Begin at the line below that holds "Chinoise Fret Fireplace Screen-Bronze" and end at the line that holds "ヤマメを焼く機械もヤマメ形。", transcribing each line exactly and skipping any picture.

Items from a dataset:
+++++
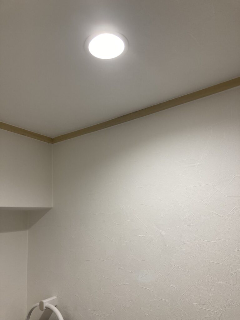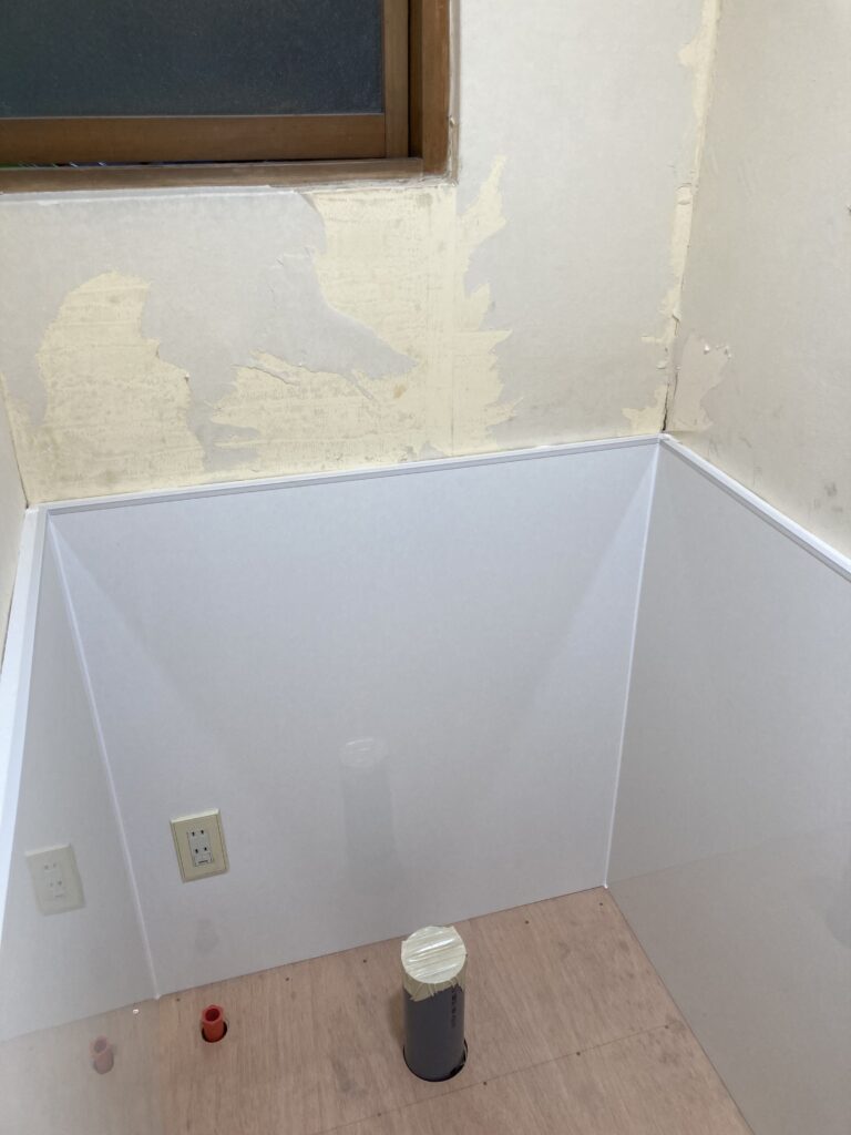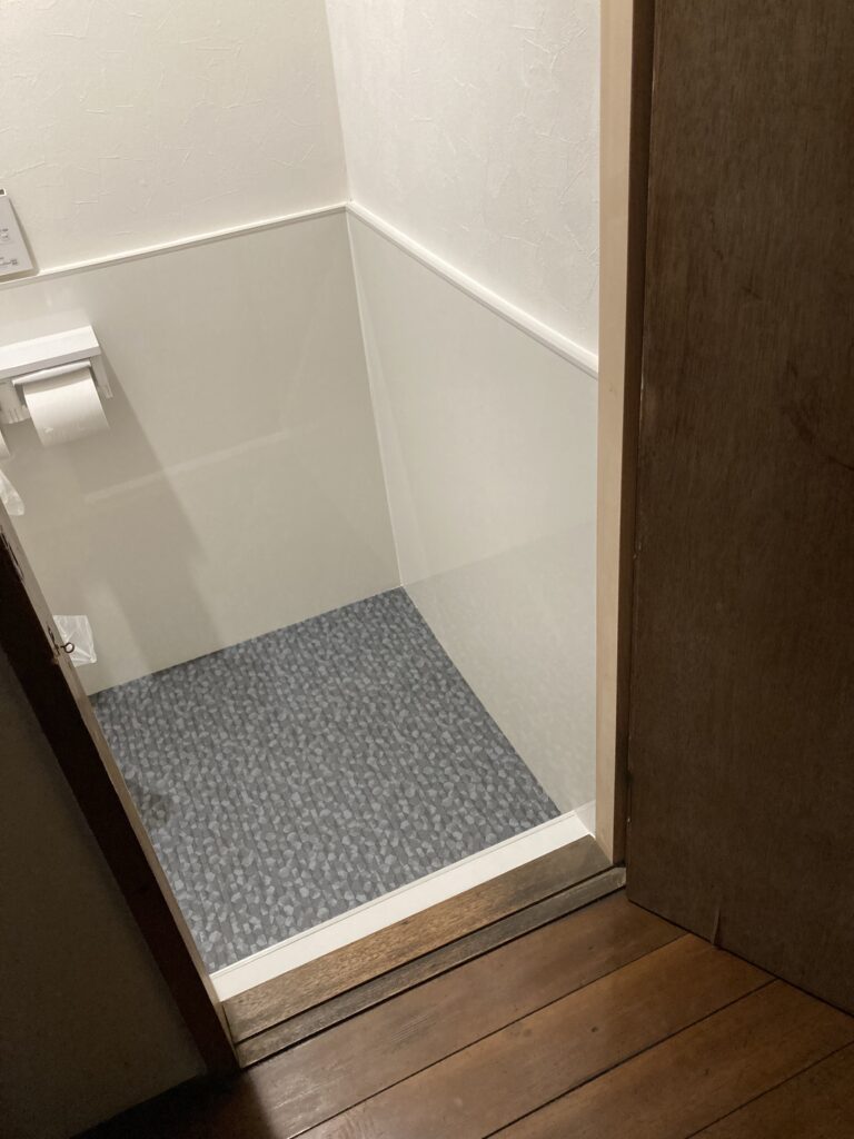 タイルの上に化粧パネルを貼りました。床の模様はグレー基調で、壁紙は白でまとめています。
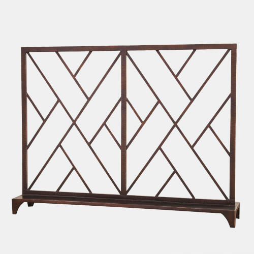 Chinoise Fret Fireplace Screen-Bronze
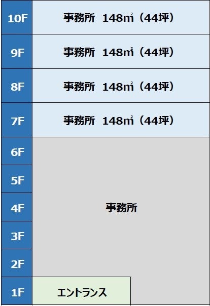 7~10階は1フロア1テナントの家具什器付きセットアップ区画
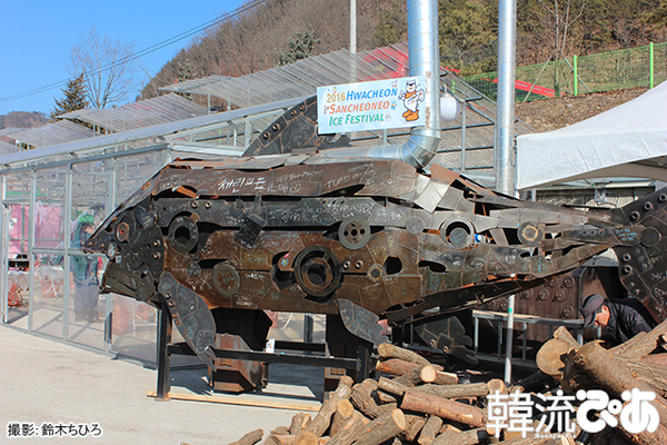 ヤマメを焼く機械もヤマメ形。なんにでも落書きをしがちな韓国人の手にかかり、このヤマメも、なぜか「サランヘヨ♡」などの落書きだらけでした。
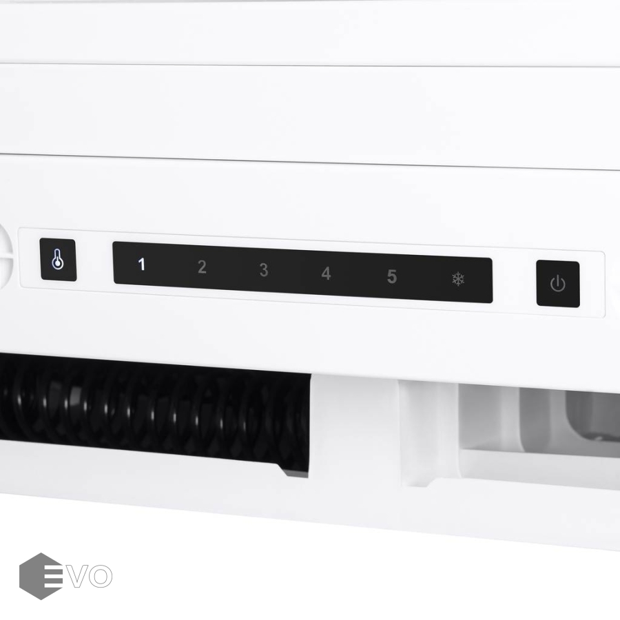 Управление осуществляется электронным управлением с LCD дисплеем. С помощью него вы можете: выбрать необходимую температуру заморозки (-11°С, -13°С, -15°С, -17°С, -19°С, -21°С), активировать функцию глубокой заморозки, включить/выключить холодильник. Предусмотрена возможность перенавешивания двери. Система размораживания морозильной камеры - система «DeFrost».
+++++
◆ Solution to the problem:
 Chinoise Fret Fireplace Screen-Bronze
 7~10階は1フロア1テナントの家具什器付きセットアップ区画
 ヤマメを焼く機械もヤマメ形。なんにでも落書きをしがちな韓国人の手にかかり、このヤマメも、なぜか「サランヘヨ♡」などの落書きだらけでした。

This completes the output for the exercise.